Michael Johnson grew up surrounded by art; both his parents were painters and there were framed prints of Vermeer and Albert Pinkham Ryder hanging on the walls of his childhood home in Mosman. Leaving school at fourteen he worked at the Lintas agency, rambled around rural NSW on painting trips with close friend Brett Whiteley and studied at the Julian Ashton Art School and the National Art School in Sydney.
In 1960, he decided to travel and departed by ship passing through Egypt, Greece and Italy on route to London. He met Whiteley in Florence and together they decided to travel to Bologna to visit the studio of the Italian still-life painter Giorgio Morandi. When he eventually arrived in London he spent the next seven years painting full time while also working as a studio assistant to the British sculptors Brian Wall and Anthony Caro.
Living in London, he immersed himself in the art world, meeting Francis Bacon, David Hockney, and Oskar Kokoschka.

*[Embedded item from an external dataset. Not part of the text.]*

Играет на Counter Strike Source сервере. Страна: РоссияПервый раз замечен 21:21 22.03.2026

Unlike other Australian artists who found international success through figurative and semi-abstracted landscape, Johnson's European experience distilled his love of colour, space, and form into highly abstract works. Returning to Sydney in 1967, he contributed to a generational shift towards minimal geometric abstraction.

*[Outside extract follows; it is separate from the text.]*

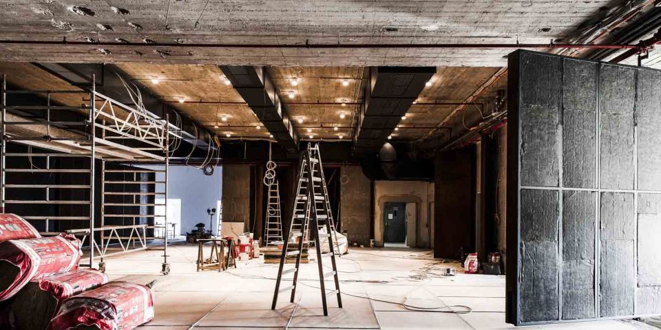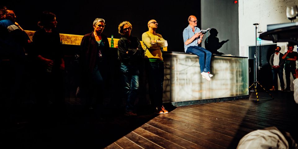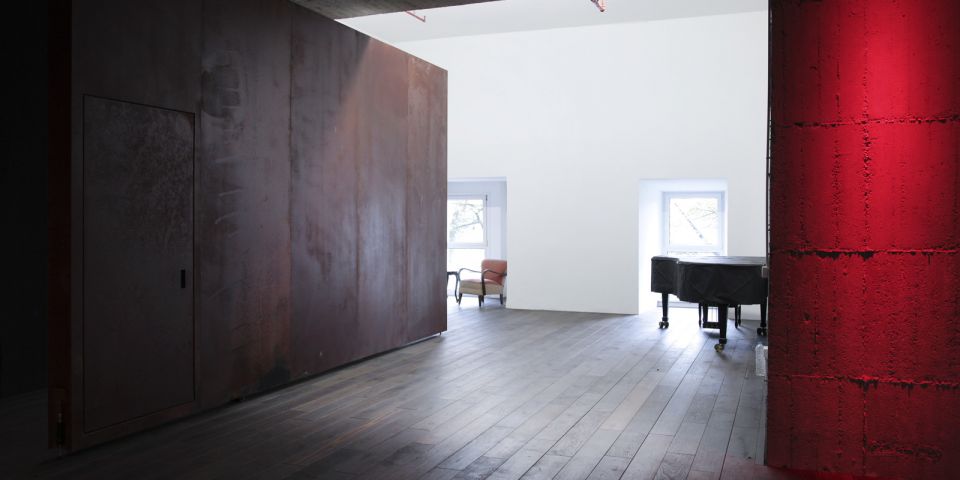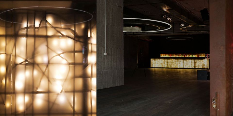 Große drehbare Eisentore steuern die Akustik des Raumen und ermöglichen eine große Gestaltungsfreiheit für die Nutzung. Offene Betonwände erzählen von seiner Geschichte, während die große, leuchtende Bar, ein warmer Holzfußboden und die offene Raumgestaltung ihn zum einladenden Ort der Begegnung werden lassen. »Echtheit, Minimalismus, Reduktion« waren die Primäraufgaben der Architekten, so Prof. Jörg Friedrich. Auch das Lichtkonzept wurde von Heinz Kasper gezielt für den Raum entworfen und ist Teil seiner kunstvollen Gestaltung: Ein Kronleuchter aus 270 illuminierten PET-Flaschen hängt inmitten großer Ringleuchten und setzt der kantigen Architektur organische Formen entgegen. Eine Referenz an alte Konzertsäle, zeitgenössisch interpretiert.

Mixing his own pigments and stretching his own frames, his minimal works eliminated recognisable imagery in favour of abstraction. Inspired by Italian painters, Brancusi's forms, Albers's drama, and Matisse's colour, his work was a uniquely Australian interpretation of a global shift away from representation.
Many of Johnson's large nocturnal and oceanic blue works evoke a personal memory of staring through the seawater on a dark night and marvelling at the phosphorescence and the bioluminescence of the organisms swimming in the sea.
Moving to New York in 1970, his work gradually embraced more texture and a palette identifiable with a ‘bush spectrum’. Interested in nature's diversity, he drew inspiration from various sources, including bird feathers, metallic colours, and natural patterns. Colour and light remained lifelong preoccupations, influencing every major shift in his work.